Руки Розалинды метнулись к его волосам; они обежали его щеки и плечи — и в это время он раздвинул ее ноги. Его губы нашли пульсирующий источник ее эротических желаний — и она снова изогнулась в сладчайшей муке. Восхитительно-дерзкому вторжению языка вторил ритм тайной ласки пальцев. Его губы, язык, руки лишали ее воли, требовали повиновения и обретали в ответ радостную покорность. Потом его большой палец отыскал влажный вход — и у нее вырвался ликующий крик. Он подводил ее к обрыву, куда они неминуемо должны были сорваться, и она уцепилась за его волосы, словно пытаясь удержаться на краю этой бездны.
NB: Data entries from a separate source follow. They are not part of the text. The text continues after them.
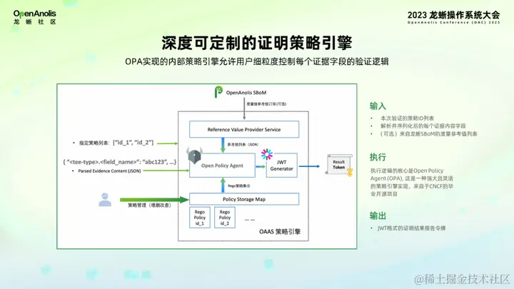 在输入端,OAAS 会把经过 TEE 验证插件处理和解析之后的序列化的证据内容和用户指定的本次验证的策略列表一同交付给 OPA 核心,这里序列化的证据内容 OAAS 定义了一种简单统一的 JSON 格式。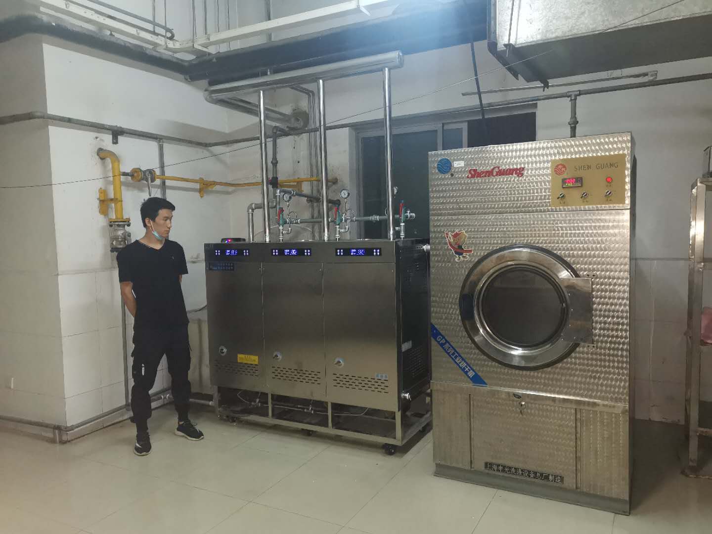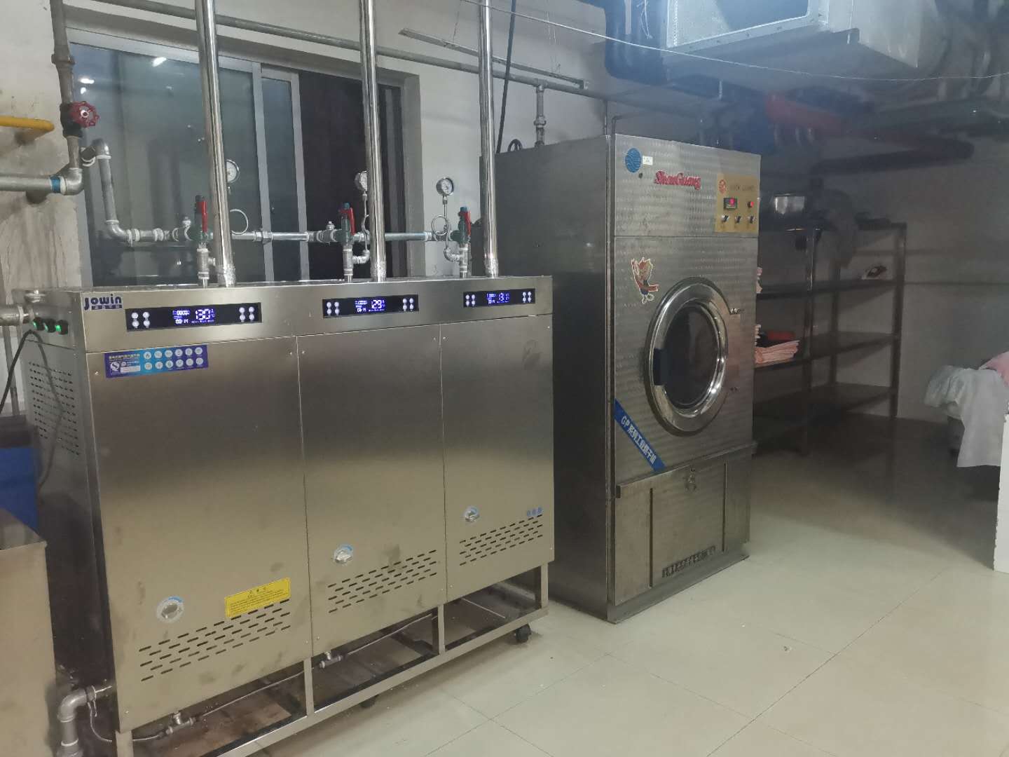 北京理工大學洗衣房,采用卓益三膽模塊蒸汽發生器為烘干機提供蒸汽,蒸發量高達200KG/H,承壓4公斤,蒸汽溫度最高可達150℃。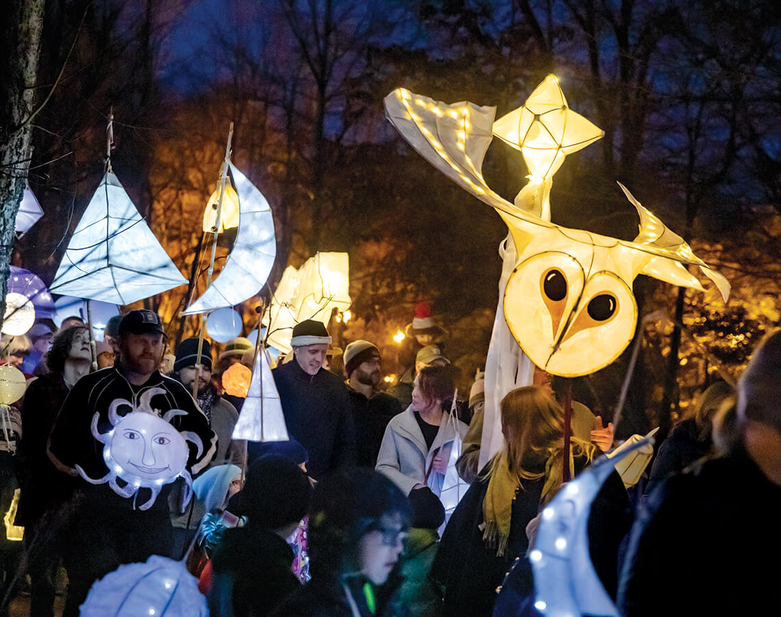 The town’s annual observation of winter’s arrival began, as so many good ideas do, with one person asking, What if? That person was sculptor Tinka Jordy. She envisioned a small group of her friends and neighbors gathering to mark the longest night of the year with a joyful observation of light and fellowship. Jordy had helped launch an earlier event, Hillsborough’s Handmade Parade, in 2008, inspired in part by her New Orleans roots and love of parades, and her involvement with the Cleveland Museum of Art’s Parade the Circle, a spirited celebration featuring handmade puppets, floats, costumes, and music. Six years ago, the annual Lantern Walk grew out of the Handmade Parade, which remains a biennial event.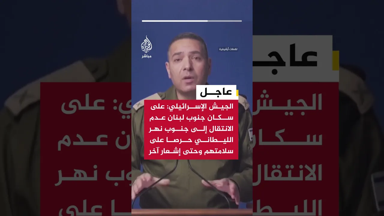الجيش الإسرائيلي: على سكان جنوب لبنان عدم الانتقال إلى جنوب الليطاني حرصا على سلامتهم وحتى إشعار آخر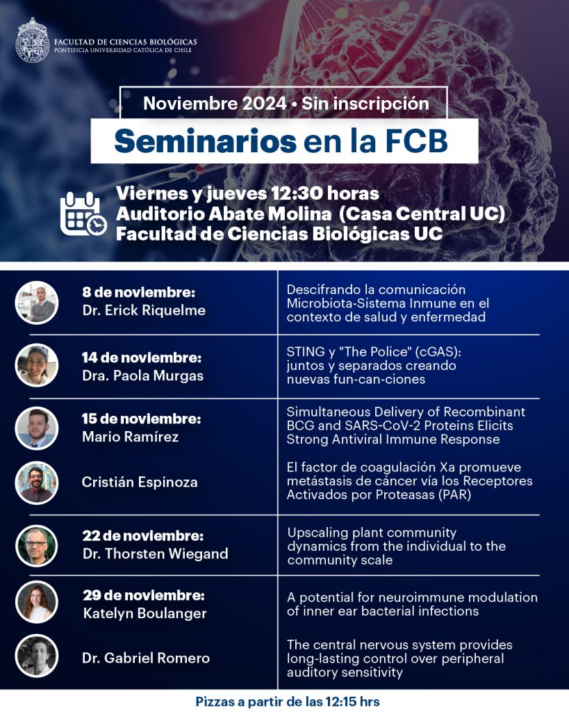 Cada charla se realizará en formato presencial, en el Auditorio Abate Molina, ubicado en las dependencias de la Facultad de Ciencias Biológicas de Casa Central UC (Av. Libertador Bernardo O’Higgins, 340). Cabe destacar que cada instancia iniciará con una conversación previa, en donde se regalarán pizzas a las y los asistentes.

Опаляющие волны страсти накатывали на нее одна за другой. Все ее существо — сердце, тело, душа — открывалось в безудержной жажде соединения с этим одним, единственным для нее человеком. И прежде чем Розалинда шагнула через край в темную пучину неизъяснимого наслаждения, он поднялся над ней и ринулся вниз, заполнив ее собою целиком.

Его горячий нажим внутри нее отзывался в каждой частичке ее тела ответным восторгом. Он вновь возвращался в глубину и вновь почти покидал ее; и каждый такой натиск дарил ей упоение и ввергал в муку, вовлекая в завораживающий ритм. Влажные и разгоряченные, они устремлялись навстречу друг другу, и оба взлетали на высоты, каких им не дано было узнать раньше. Прижав лицо к могучей мускулистой шее Эрика, она обвила его руками, а его движения становились все быстрее и быстрее. Он вторгался в нее безжалостно, и при каждом безумном толчке она вскрикивала от наслаждения; наконец их движения приобрели такую слитность, словно то были не два тела, а одно.
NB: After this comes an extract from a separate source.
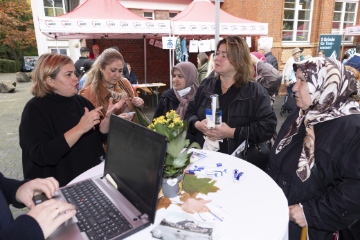 Bereits am Morgen hat Dr. Ingrid Majid von der Verbraucherzentrale NRW eine kurze Schulung für Mediator:innen durchgeführt, die ihr Wissen umgehend an Zugewanderte, Senior:innen und Geflüchtete weitergegeben haben. Außerdem stellt sie mit ihrem Team das neue Projekt „Get in!“ vor. Das Angebot richtet sich sowohl an Lehrkräfte, an Helfende in der Flüchtlingsarbeit wie auch direkt an alle neu zugewanderten Menschen, unabhängig von ihrem Aufenthaltsstatus. „Wir haben viele gute Multiplikatorengespräche geführt“, stellt Dr. Ingrid Majid am Nachmittag fest.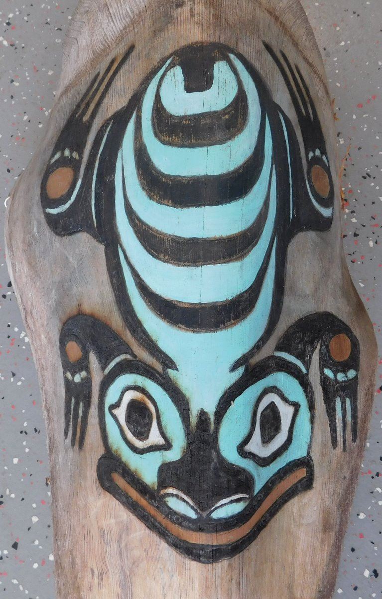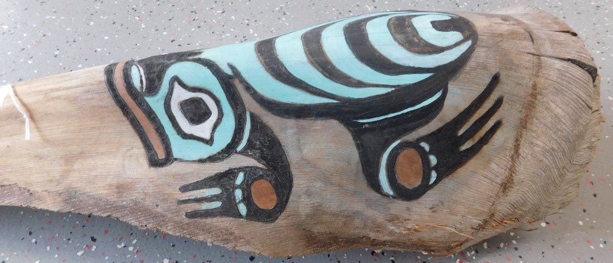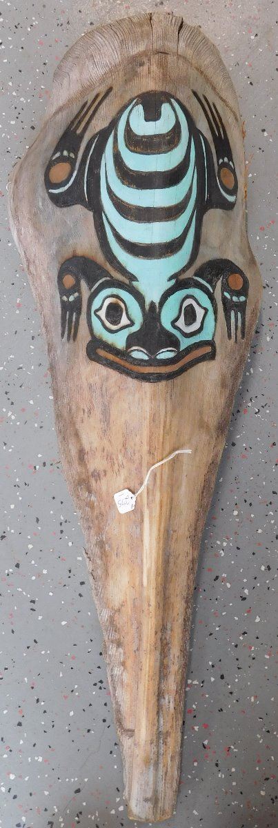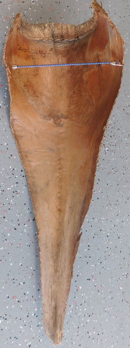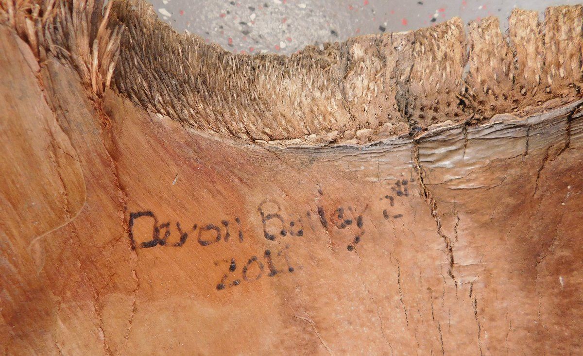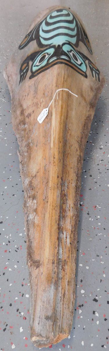 Palm Painting & Carving, 2011. Made of a palm branch, the item measures 33" x 12" x 6.5". D. Bailey/Steve Aho. San Diego County, Calif. Large painting of palm tree scene. Condition: Good, see images. Shipping: $45.00 USA estimate only, due to length.

— Я люблю тебя, — услышала она его хриплый голос. — Бог свидетель, я люблю тебя.

Если бы возможно было на земле совершенство — Розалинда знала бы, что в этот момент оно выпало на ее долю. В сердце уже не было места ни для чего, кроме любви, а все тело наливалось чувством благодатной наполненности. То была полнейшая гармония души и тела. Новый порыв страсти заставил Розалинду содрогнуться, и, словно в ответ, Эрик напрягся, на мгновение замер — и, приглушенно застонав, отдал ей всю силу своей страсти.

Он с усилием ловил ртом воздух — но даже и это казалось знамением близости, которая возникла между ними. Оба дышали с трудом, но не размыкали объятий.
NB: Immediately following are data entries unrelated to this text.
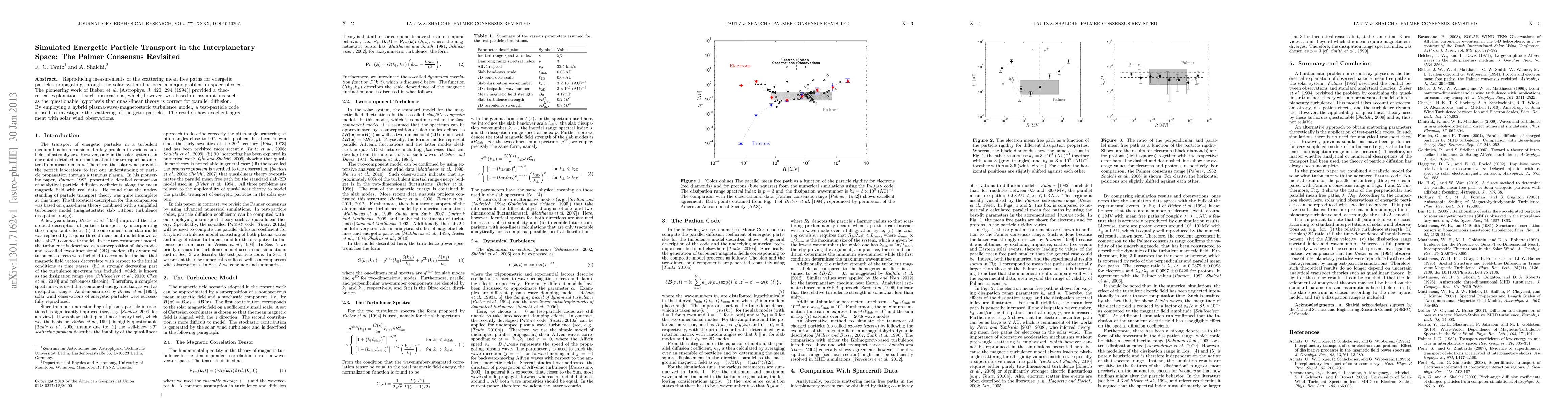 Reproducing measurements of the scattering mean free paths for energetic particles propagating through the solar system has been a major problem in space physics. The pioneering work of Bieber et al. [Astrophys. J. 420, 294 (1994)] provided a theoretical explanation of such observations, which, however, was based on assumptions such as the questionable hypothesis that quasi-linear theory is correct for parallel diffusion. By employing a hybrid plasma-wave/magnetostatic turbulence model, a test-particle code is used to investigate the scattering of energetic particles. The results show excellent agreement with solar wind observations.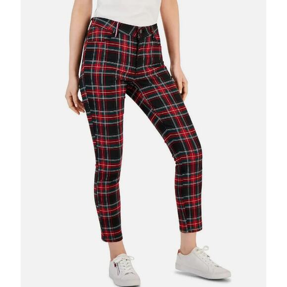 TOMMY HILFIGER Tribeca Skinny Ankle Pants in Red/Green Plaid Patterned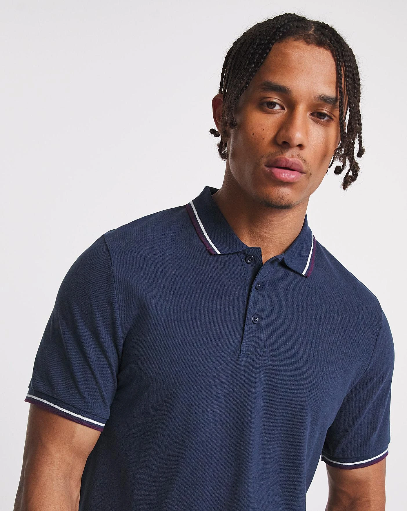 This pique tipped polo in navy is fresh and trendy for the season. Pair with some classic chinos for a smart casual look.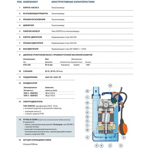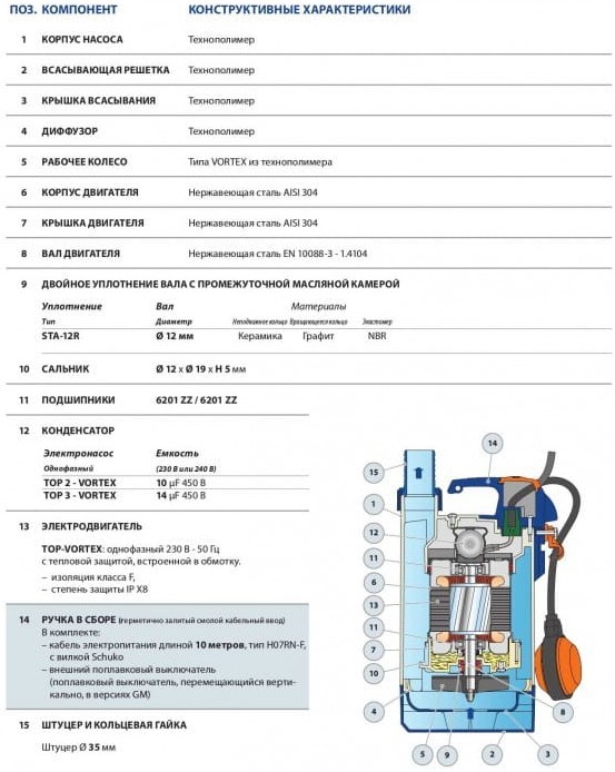Дренажный Pedrollo TOP 3-VORTEX / GM 0,55 kW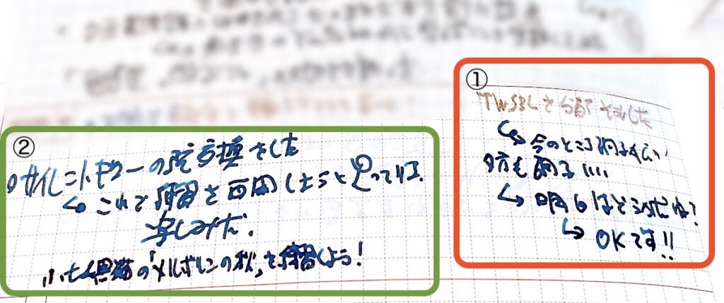 そして左には「 ② サイレントギターの弦交換をした → これで練習を再開しようと思っている。楽しみだ」と書いてありますよね。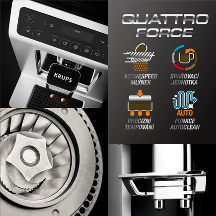 Напреднала технология за перфектно кафе KRUPS Quattro Force оптимизира всяка стъпка от приготвянето на еспресо от зърното до чашата: бързо смилане с 20% икономия на време, ултра-плоско трамбоване, първокласно приготвяне и автоматично оттичане за дълготрайна производителност. | ![]() |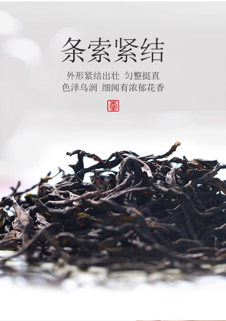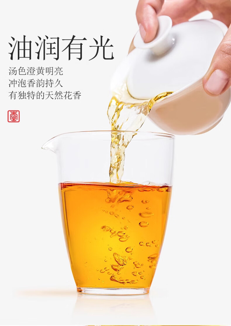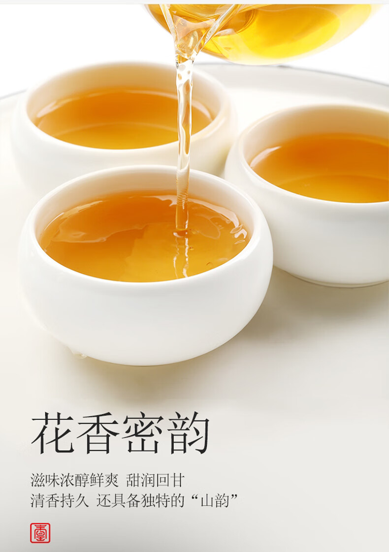 条索紧结,芽叶匀整,色泽乌润;花香、果香、蜜香,兰韵、陈香馥郁,层次丰富;汤感金黄透亮,入口甘醇,蜜韵悠长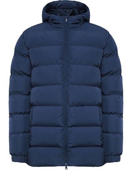 Bovenkant: 100% polyester, taffeta, 110 g/m²; Vulling: 100% polyester, 160 g/m²; Voering: 100% polyester, taffeta, 65 g/m² | Gewatteerde sportjas | Capuchon met klep | Tweerichtingritssluiting aan de voorkant met bijpassende ritstrekker en kinbescherming | Elastische manchet | 2 zijzakken met rits | Binnenborstzak aan de linkerkant | Toegang voor borduurwerk

— Я люблю тебя, — только и могла выговорить Розалинда, словно в одурманивающем тумане. — Люблю…

Эти слова заставили Эрика поднять голову и всмотреться ей в лицо. Рассвет еще только набирал силу, но теперь Розалинда могла разглядеть каждую черточку его лица. Темно-золотистые пряди волос спадали на лоб и щеки; потемневшие глаза смотрели серьезно и испытующе, но она понимала, что он ею доволен — и более чем доволен.

— То, что ты чувствуешь, — это действительно любовь?

Розалинда кивнула, не отводя глаз от его лица.

— Я люблю тебя, — повторила она без колебаний.

— Почему?

Маленькая морщинка прорезала ее лоб, когда она обдумывала прозвучавший вопрос. Неужели он сомневается в глубине ее чувств? Она протянула руку и накрыла ладонью его колючую щеку.

— Я люблю тебя, потому что должна. Чтобы жить, я должна дышать. И есть. И должна любить тебя.

Она ощутила, как расслабились его стиснутые челюсти, а потом ее глаза закрылись и дремотная улыбка осветила лицо.

— Я люблю тебя, — снова повторила она… и сладко зевнула. Когда он уложил Розалинду поудобнее, пристроив ее голову у себя на плече, она погрузилась в глубокий сон, убаюканная собственным изнеможением и благословенным звуком его шепота: «Я люблю тебя».

28

В ожидании момента, когда сэр Гилберт уберется из залы, Клив притаился в закутке за большим камином.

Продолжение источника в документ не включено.